Reports suggest the mythical Apple television is closer than ever. Here are the elements it absolutely must have built-in in order to be successful.
Here we go...
Reports surfaced this week that Apple’s long-awaited television may be drawing closer to becoming a reality. The Cupertino company that conquered music, phones and tablets is said to be working with cable companies for a shot at doing the very same with TV. Working through the knotted mess of content creators, cable operators, and networks has proven difficult and time consuming. The upside? Such a long lead time has created plenty of opportunity for technology pundits and Apple fanboys alike to prognosticate on what an Apple TV might actually look like. Here’s our best guess.
(What did we miss? Let us know in the comments.)
Apps, apps, apps
A no-brainer. Apple’s iPhone helped popularize the notion of apps and, though some TV makers have tried, the concept hasn’t entirely made the jump to the tube. The iPhone turned dumb phones into smart ones through processing power and innovative applications that made use of that brawn. And Apple TV will have to do the same thing.

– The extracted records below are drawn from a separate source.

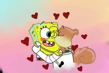 In questo Fan Art, SpongeBob porta un regalo per Sandy che lo ricambia con un bacio.
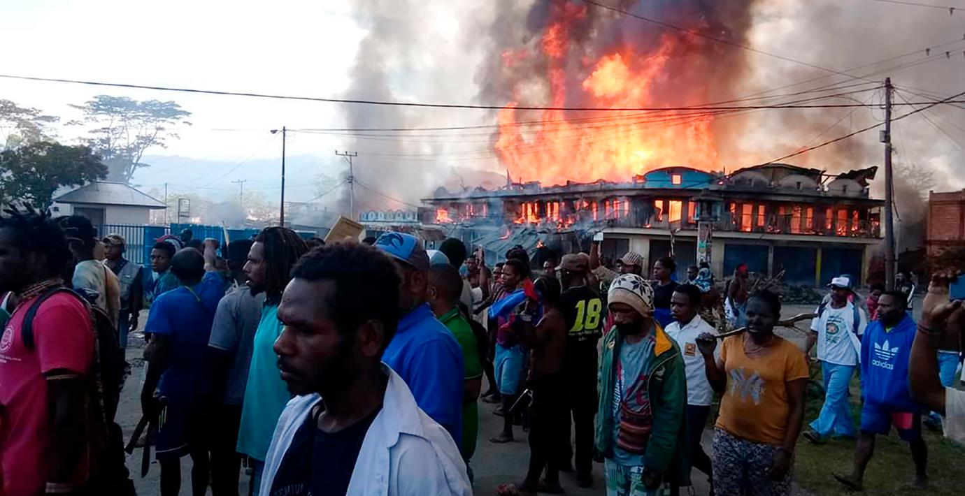 Flera byggnader har satts i brand och enligt en talesperson för den papuanska militären brändes de flesta dödsoffer ihjäl. Dödssiffran befaras också stiga eftersom många människor fortfarande är instängda i brinnande byggnader.
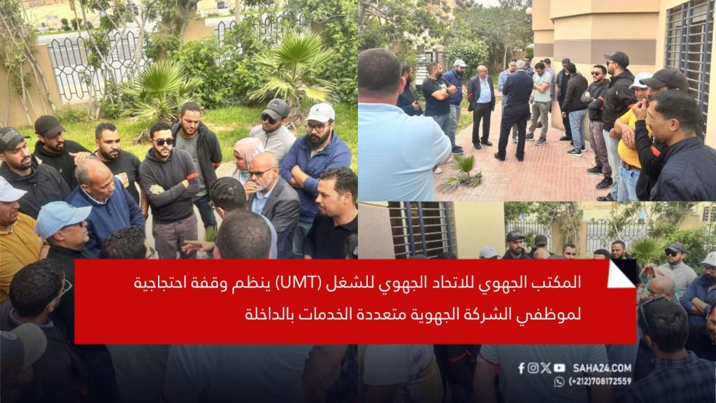 نظم المكتب الجهوي للاتحاد الجهوي للشغل (UMT) وقفة احتجاجية لموظفي الشركة الجهوية متعددة الخدمات بمدينة الداخلة، وذلك تنديداً بما وصفه بوجود ممارسات تدبيرية غير سليمة داخل المؤسسة، واحتجاجاً على عدد من الإجراءات التأديبية التي اعتبرها غير مبررة وتمس بحقوق المستخدمين.
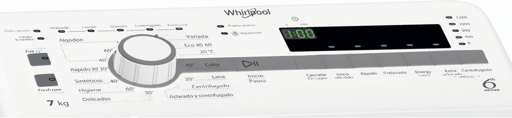 TECNOLOGÍA 6TH SENSE\n\nDescubra el cuidado perfecto. Los sensores inteligentes 6th SENSE adaptan los recursos según el tamaño y tipo de carga, ofreciendo optimización de tiempo, energía y agua.\n\nHIGIENE 60º\n\nEl nuevo programa Higiene 60° es un ciclo de 150 minutos que elimina el 99% de las bacterias de forma cuidadosa y eficaz.\n\nFRESHCARE\n\nRopa fresca y limpia. La opción FreshCare proporciona un delicado ciclo de secado, cuando el de lavado está finalizado, para que tus prendas estén frescas, secas y listas para ti.\n\nPUERTA CON SOFTOPENING\n\nCarga y descarga sin esfuerzo. La apertura suave de la puerta de tu lavadora permite una carga y una descarga fáciles como nunca.\n\nDRUM UP\n\nDescargar sin esfuerzo. Descarga tu lavadora fácilimente gracias a la función Drum Up, que automáticamente reposiciona el tambor cuando el ciclo termina, para una carga facilitada.\n\nOPCIÓN RAPID\n\nResultados excelentes, más velozmente.\n\n1200 RPM\n\nExtraordinaria velocidad. Esta lavadora Whirlpool ofrece una velocidad de centrifugado de 1200 revoluciones por minuto.\n\nEFICIENCIA ENERGÉTICA E\n\nGran eficiencia energética. Con su calificación energética E, esta lavadora Whirlpool te permitirá disfrutar tanto de un gran rendimiento como de un menor consumo energético.\n\nCAPACIDAD DE 7 KG\n\nEsta lavadora Whirlpool dispone de un tambor de capacidad de 7 kg para tus prendas.
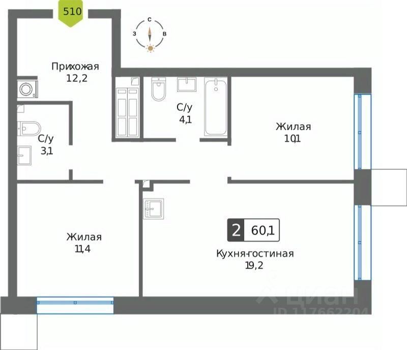 Общая площадь60,1 м²
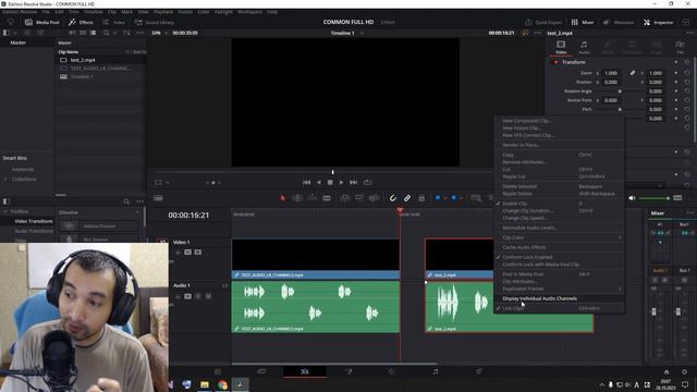 Как сделать "моно" из стерео в ДаВинчи одним кликом
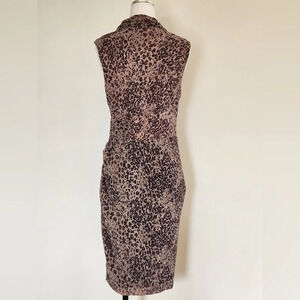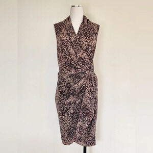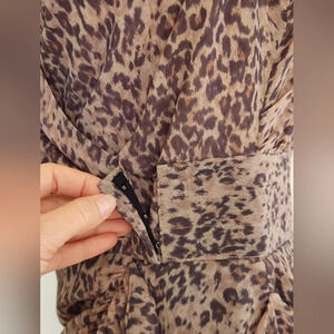 Beautiful All Saints dress, new with tags in size 8. This is the Cancity Patch dress in camel brown with an animal print. This is a midi length wrap dress with a v neck. At the waist, the wrap connects with 3 hook and eye clasps, and also again on the inside. Off of the waistline, on the left hand hip, there are ruffles flowing down the wrap hemline. The skirt is lined, the bodice has a double layer.
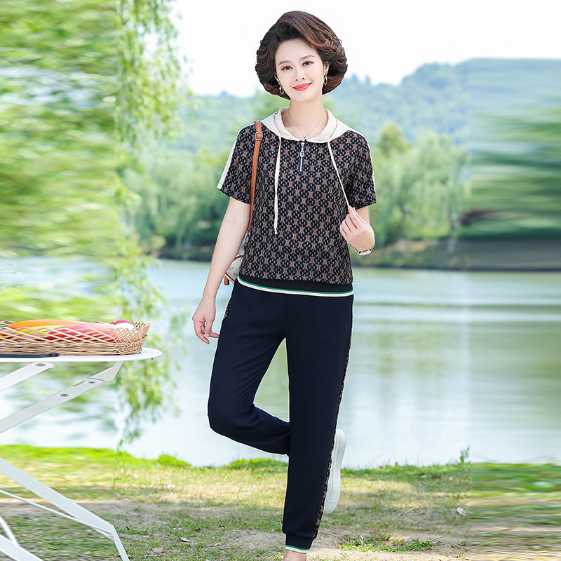 夏季新款妈妈装套装时尚休闲中老年女装连帽短袖减龄显瘦两件套
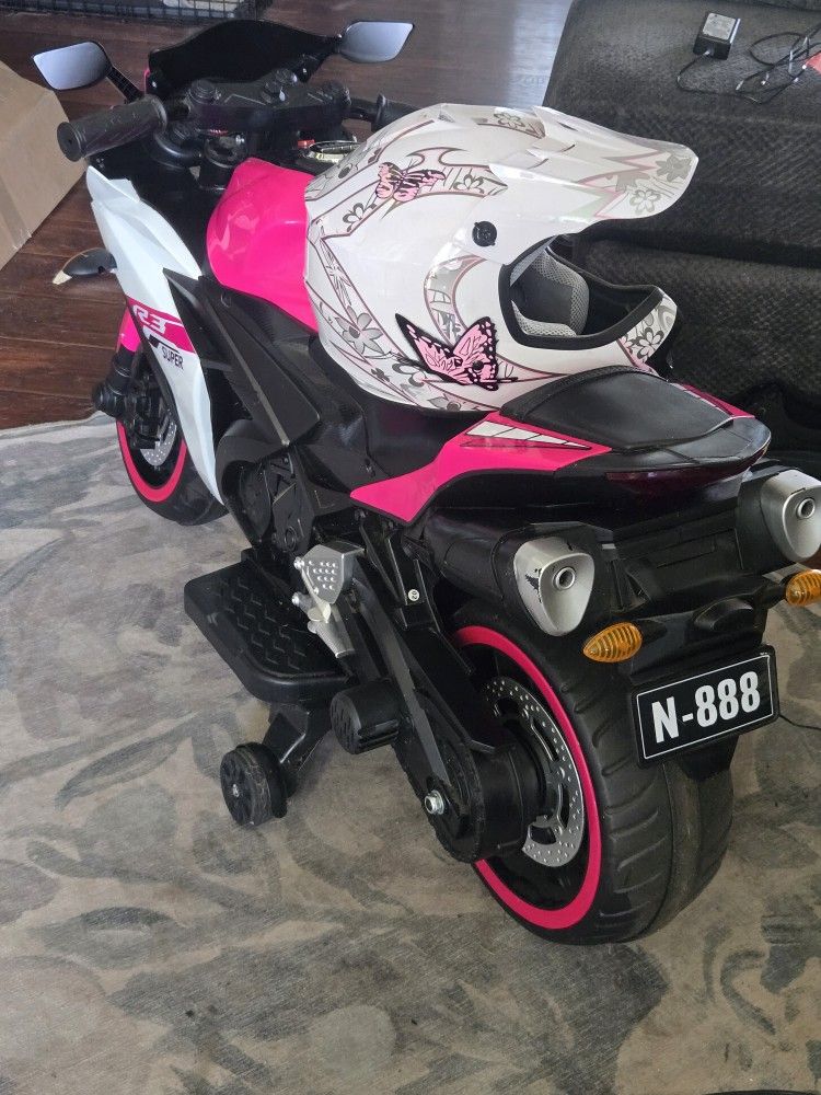 Girls motorcycle and helmet. In great condition. Works great.
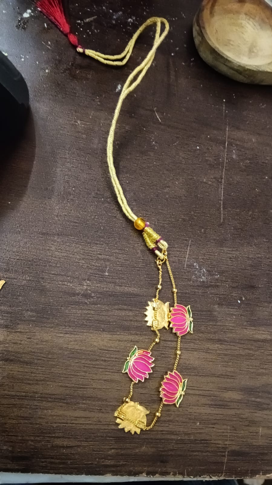 GoldPlated Lotus Design Choker Necklace And Earring Set Pink And Green Enamel
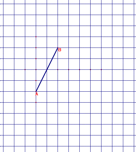 AB es uno de los lados iguales de un triángulo isósceles que tiene los tres vértices sobre las intersecciones de las líneas del papel. Completa el triángulo. ¿Cuántos hay diferentes? Vighi, P. (2004): The geometry of squared paper. ICME 10. |
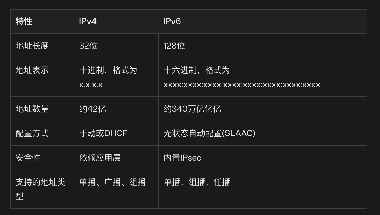 - 解决了 IPv4 地址干涸的问题 (address exhaustion)
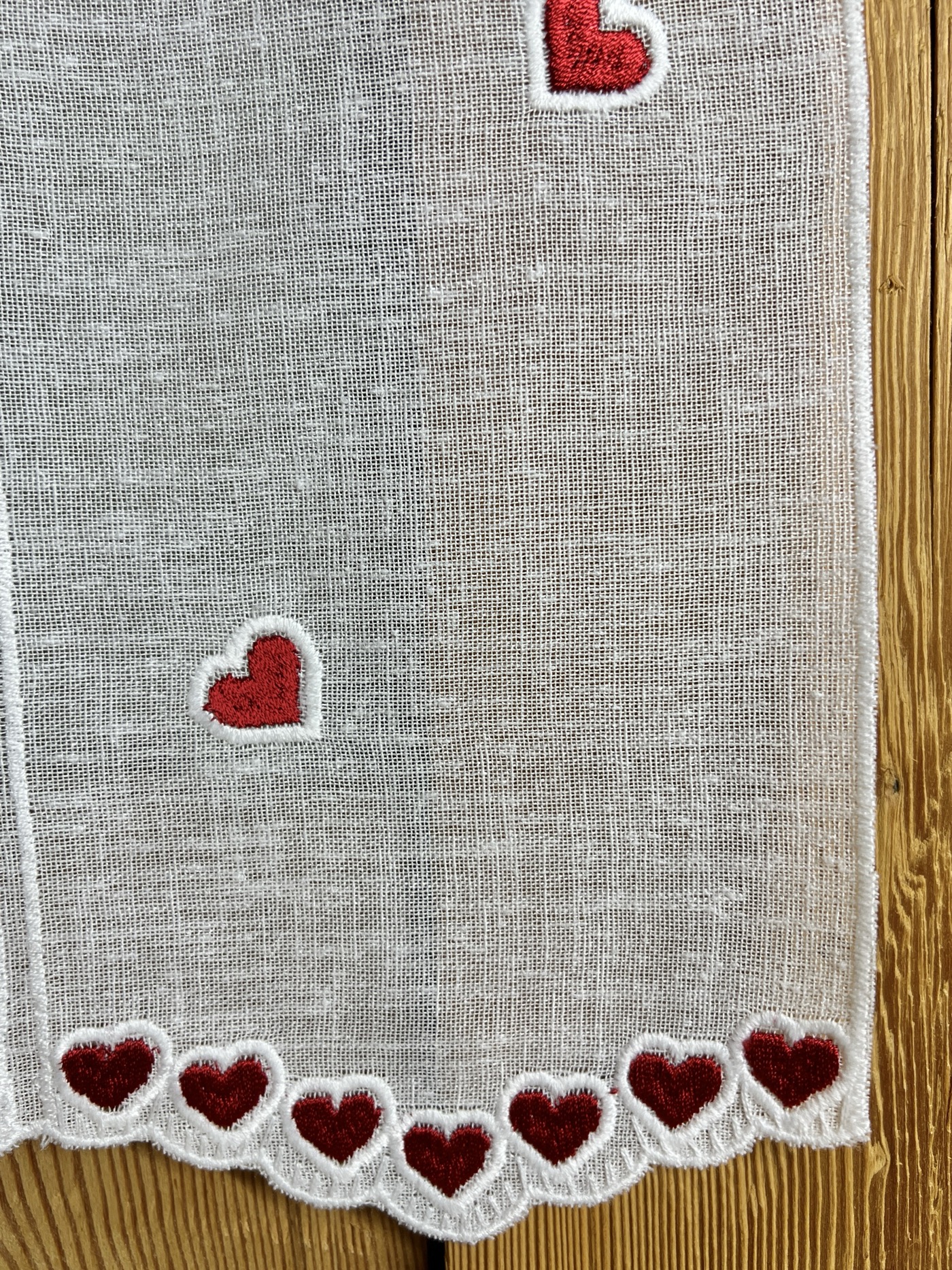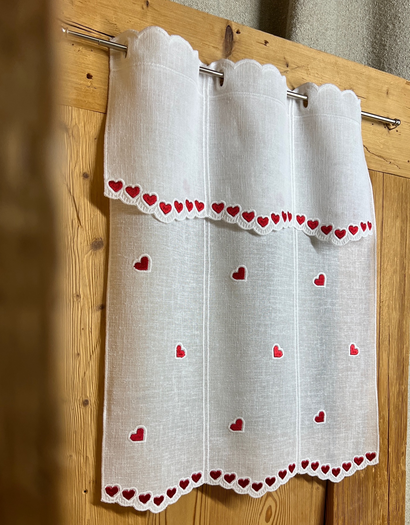 Scheibengardine im alpinen Landhaus-Stil, Herz Stickerei, rot – 7153 LODEN f. 19
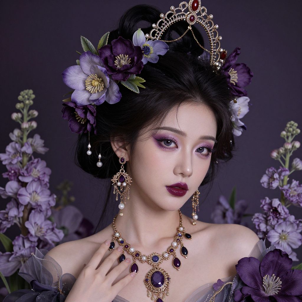Photograph of an East Asian woman with pale skin and dark hair styled in an elaborate updo adorned with purple flowers and a gold crown. She wears purple eyeshadow, dark lipstick, and intricate gold and pearl jewelry, including a necklace with a large purple gem and matching earrings. Her off-the-shoulder, sheer gown is decorated with purple flowers. The background is a dark purple, with tall purple flowers framing her on both sides. Her expression is serene, with a soft gaze directed slightly to the right. The image has a fantasy, ethereal quality.
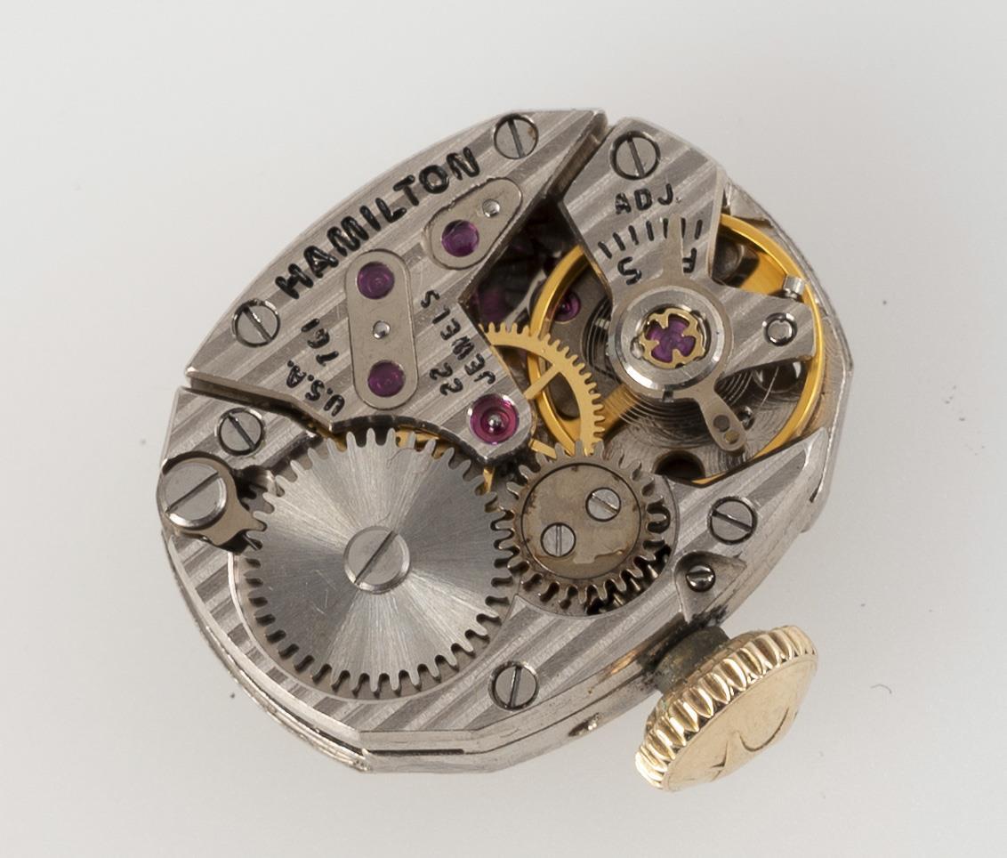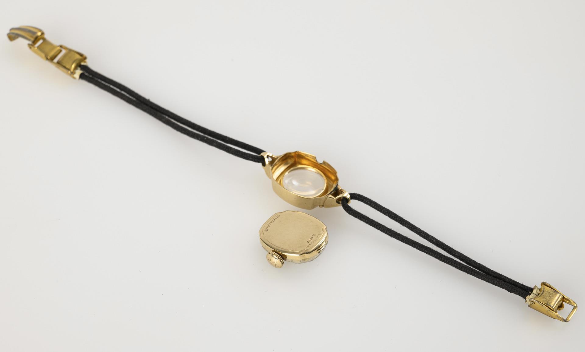 Goldene Damenarmbanduhr im Art-déco-Stil. Hamilton Watch Co., Lancaster PA.
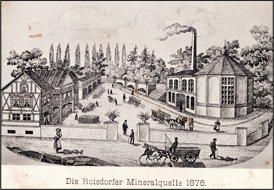 Mit der Übernahme durch den neuen Pächter, den Kölner Apotheker Wilhelm Custor, begann im Jahre 1876 ein ganz neues Kapitel der langen Geschichte des Roisdorfer Mineralbrunnens: Man gab sämtliche, nicht mehr lukrative Kurort-Aktivitäten auf. Das wissenschaftliche Gutachten eines Dr. Freytag hierzu war versehen mit drei Stahlstichen, auf denen der Roisdorfer Brunnen abgebildet war. Entscheidender Unterschied zu früheren Abbildungen: Es erhebt sich nun über der Brunnenstube an der Stelle des luftigen Holztempels ein zentralgestaltiger, geschlossener Bau, dem ein weiteres, doppelstöckiges Gebäude mit Schornstein angegliedert ist – Hinweis auf die mechanisierte und von einer Dampfmaschine betriebene Abfüllung des Mineralwassers. Repräsentativ das Ganze, innovativ und zukunftsweisend, aber eben insgesamt weit eher eine Industrie- als eine Kurortanlage.
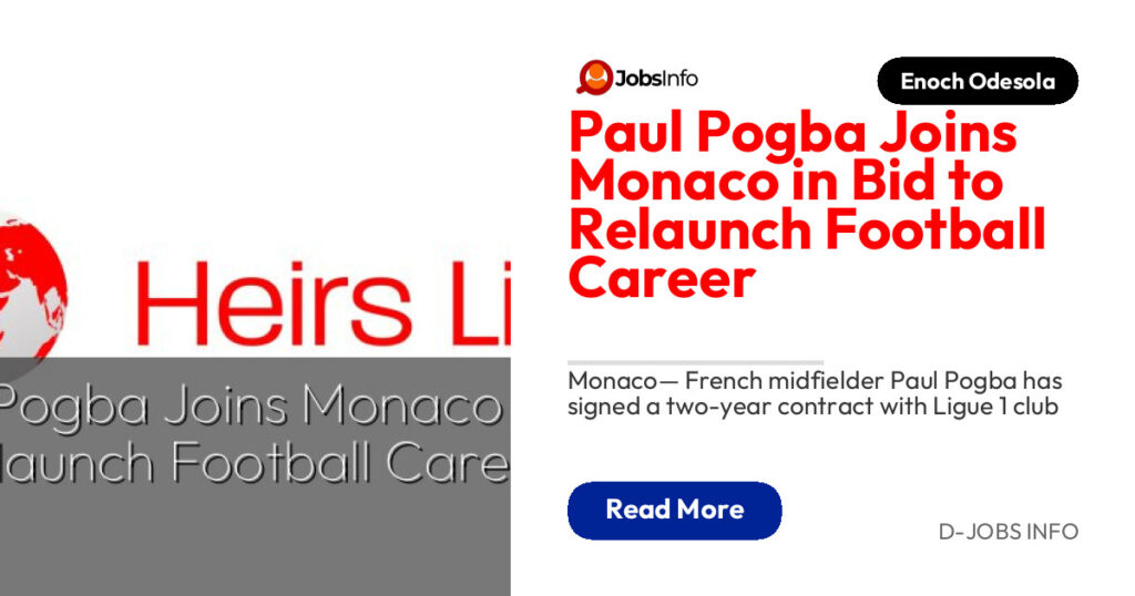 Monaco— French midfielder Paul Pogba has signed a two-year contract with Ligue 1 club AS Monaco, marking his return to professional football after nearly two years away from the game.
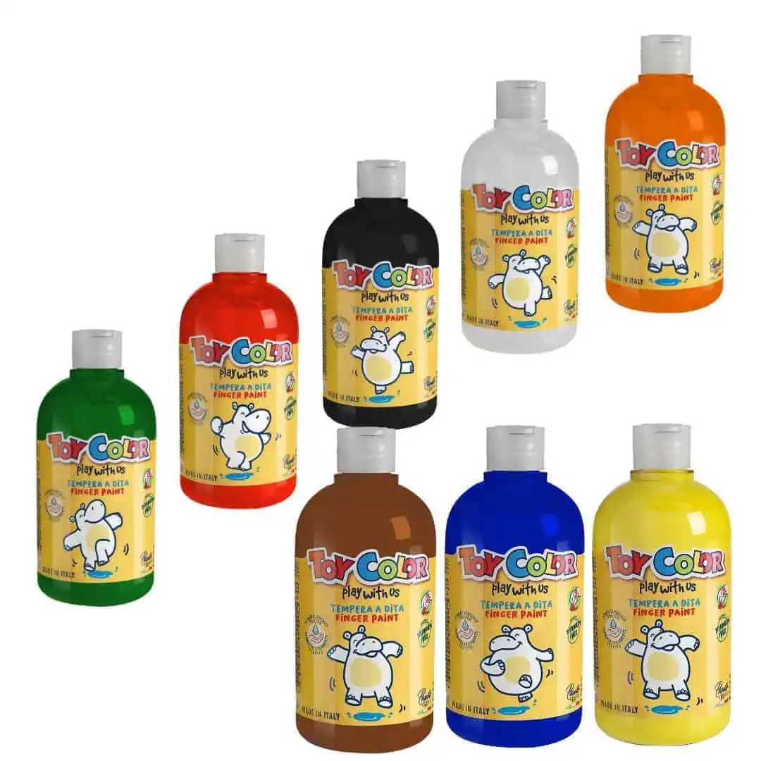 Finger paint is children’s best gateway to the world of color expression, as it is not “mediated” by tools such as brushes. The child can touch the color directly and use it with total immediacy. The soft and creamy texture, ease of use, brilliance and coverage will win over the enthusiasm of little artists. The colors are non-toxic and odorless.
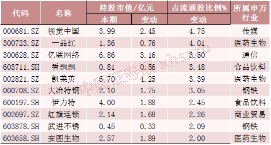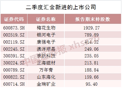 证金汇金新进重仓10股
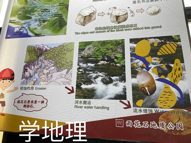 正如上述介绍,雨花石地质公园内可以亲眼见到河流侵蚀地貌遗留下来的地层,和地理课本上的示意图不相上下,眼见为实,大自然的鬼斧神工还是太奇妙了。
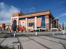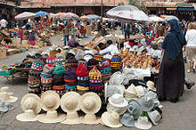 Trade and crafts are extremely important to the local tourism-fueled economy. There are 18 souks in Marrakesh, employing over 40,000 people in pottery, copperware, leather and other crafts. The souks contain a massive range of items from plastic sandals to Palestinian-style scarves imported from India or China. Local boutiques are adept at making western-style clothes using Moroccan materials.[69] The Birmingham Post comments: "The souk offers an incredible shopping experience with a myriad of narrow winding streets that lead through a series of smaller markets clustered by trade. Through the squawking chaos of the poultry market, the gory fascination of the open-air butchers' shops and the uncountable number of small and specialist traders, just wandering around the streets can pass an entire day."[67] Marrakesh has several supermarkets including Marjane Acima, Asswak Salam and Carrefour, and three major shopping centres, Al Mazar Mall, Plaza Marrakech and Marjane Square; a branch of Carrefour opened in Al Mazar Mall in 2010.[77][78] Industrial production in the city is centred in the neighbourhood of Sidi Ghanem Al Massar, containing large factories, workshops, storage depots and showrooms. Ciments Morocco, a subsidiary of a major Italian cement firm, has a factory in Marrakech.[79] The AeroExpo Marrakech International Exhibition of aeronautical industries and services is held here, as is the Riad Art Expo.

Yes, technically games are apps. But the importance of this specific type of app to the iPhone can hardly be overstated. Time and again, games have proven the most popular apps on phones — and much the same could be true of an Apple TV. Plus, games offer a way to dazzle consumers and show off how robust underlying hardware really is.
An amazing interface
Anybody who has tried to scroll through 500 channels knows something is very broken about televisions today. Apple’s intuitive, simple interface design will be an integral part of making its television product stand out.
The iPhone’s personal digital assistant is getting smarter with every new version. Because remotes have been a sticking point as televisions get smarter too, voice-based navigation could be essential. Imagine, for instance, telling your TV you’d like to watch the Mets game and having that channel automatically pulled up, rather than having to search through a clunky guide. A version of Siri that could detect motion, much like Microsoft’s Kinect for Xbox, would be even more useful in the living room.
Connections to ... everything
Connecting to fast wireless networks and devices like the iPhone and iPad will be essential. It could also allow an ecosystem of accessories to grow up around the TV much like they have around other Apple gear.
Streaming out of the box
Just because live television would be priority doesn’t mean Apple should forget about video streaming services like Netflix and Hulu. Including the popular service, as it has on previous Apple TV devices, would go a long way toward making diverse sources of content available and helping position it as the ultimate digital living room hub.
Kill the cable box
One of the biggest problems that continues to plague the living room set-up are all those connections. Apple has often released products that simplify and streamline. This is an area that could seriously benefit by essentially replacing all the loose cables, cords and boxes.
Digital video recording
According to a report by Global Industry Analysts, nearly 338 million households will have Digital Video Recorders — a.k.a. DVRs — by 2018. That’s a huge market Apple could tap into if they toss in a hard disc, or even better, a solid state drive to record programming.
With over 400 million active iTunes accounts, music clearly remains a strong business for Apple. And just as it’s done with previous devices, the ability to play that music from a living room system would be an added bonus. Even better: add compatibility for popular third-party services like Pandora and Spotify.
Having a globally-compatible device may sound utopian, but why should, say, North America be the only region to benefit from the device? Wrangling contracts with global cable providers would obviously take time.
Killer design (natch)
Given Apple’s perfectionist attention to design, the biggest question will likely be what this new brand of Apple TV will look like. As feature-deprived as Google’s recent Nexus Q was, the black, metallic orb raised the bar as far as living room industrial design is concerned. Apple can probably do better.